6月16日、日曜日の朝、名も知らぬNHK職員から1通のDMが届いた。

京のX、見ましたか?つまらなかったでしょう?スタジオも全く生きていないし。理化学研究所の取材を十分せず、富士通に都合の良い人のストーリーばかりで、PDの力の無さが露呈している」

京が放送ラインナップに入っていることは、私は随分前から取材を通じて把握していた。文系だらけのNHK職員にとってはアーキテクチャーが難解なだけでなく、政治・経済的に様々な利害関係が渦巻くテーマなだけに、今のNHKの制作力では”事故る”だろうと思ってはいた。

放送直後に燃え盛った批判

予想通りと言うべきか、「開発責任者の井上愛一郎氏の取材が不十分で、富士通視点からのご都合主義のストーリーだ」という批判が放送後からX上で燃え盛っていた。

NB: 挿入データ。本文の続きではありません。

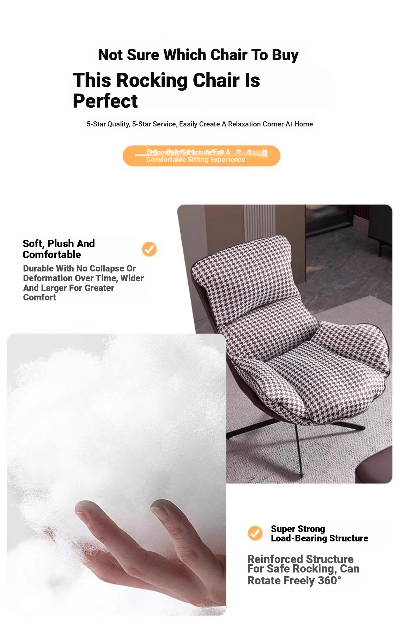 Orange + black and white houndstooth (single chair)(Orange + black and white houndstooth (single chair))

とはいえ、こんな身の上の私だが、NHKには良質な番組を作って欲しい、という思いはある。辞めても3文字は一生つきまとう以上、NHKがそれなりに存在感を発揮してくれた方が、私にとっても得だからだ。

ゆえに、「クソ番組の試写依頼」は残念でもある。

だが、以前に「現代ビジネス」で指摘したこと危惧が現実のものになった以上、NHKがさらなる醜態を晒すことは防ぎたい。

制作者の顔が見えるだけに、気乗りしないまま試写を開始した。

番組総評

世界最速へ技術者たちの頭脳戦〜スーパーコンピューター「京」〜

正確性:★☆☆☆☆
速報性:★☆☆☆☆
公平性:★☆☆☆☆
演出的工夫:★☆☆☆☆
NHKらしさ:★☆☆☆☆

合計:5/25点
オススメ度:★☆☆☆☆

スーパーコンピューター「京」の開発を通して、技術者たちの挑戦と成長、そして世代を超えた知恵の継承を描くという建前の番組。

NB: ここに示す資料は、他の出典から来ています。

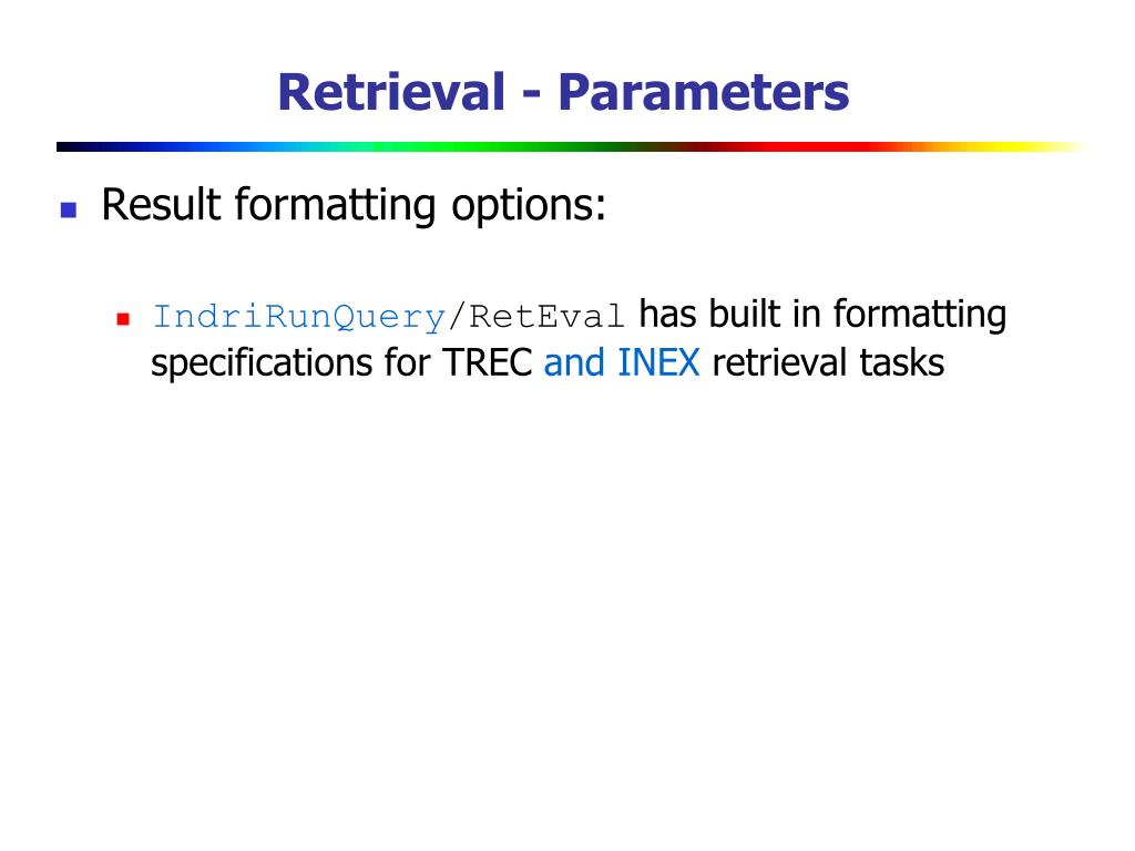 Retrieval - Parameters • Result formatting options: • IndriRunQuery/RetEval has built in formatting specifications for TREC and INEX retrieval tasks

日本のスパコン開発は一時期、世界から大きく後れを取ったこともあったが、国家プロジェクトとして再始動した「京」の開発は、富士通の技術者たちにとって、国の威信をかけた重要な仕事であった。ベテランから若手まで、開発チームは、常識を覆すアイデアを求め、討論を重ねながら、世界最速のスパコンの実現を目指した。

番組は、ベテランと若手の確執や協働、技術的なブレークスルーに至る過程を証言をもとに追った。

「京」の成功は、日本の科学技術の発展を支え、後継機「富岳」にもつながった。技術開発とは、世代を超えたリレーであり、挑戦と革新を続ける技術者たちの姿勢こそが、日本の未来を切り拓くのだというメッセージを押しつけながら番組は幕を下ろした。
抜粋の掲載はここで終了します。